(TASK REQUIREMENTS)
Keep the pictures out. Copy every line of the listing exactly.

(DATASET EXTRACT)
________________________________________

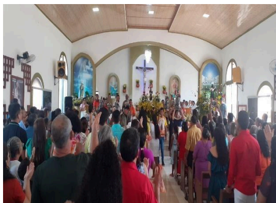
Figura 38 – Sorteio de 10 São Beneditos (promessa).
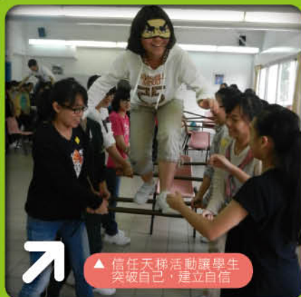
▲ 信任天梯活動讓學生突破自己，建立自信
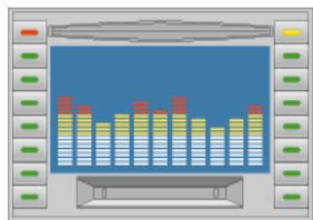
市販カーAV/カーナビ (赤外線リモコン機能付)

________________________________________

(WRITTEN REPLY)
Figura 38 – Sorteio de 10 São Beneditos (promessa).
▲ 信任天梯活動讓學生突破自己，建立自信
市販カーAV/カーナビ (赤外線リモコン機能付)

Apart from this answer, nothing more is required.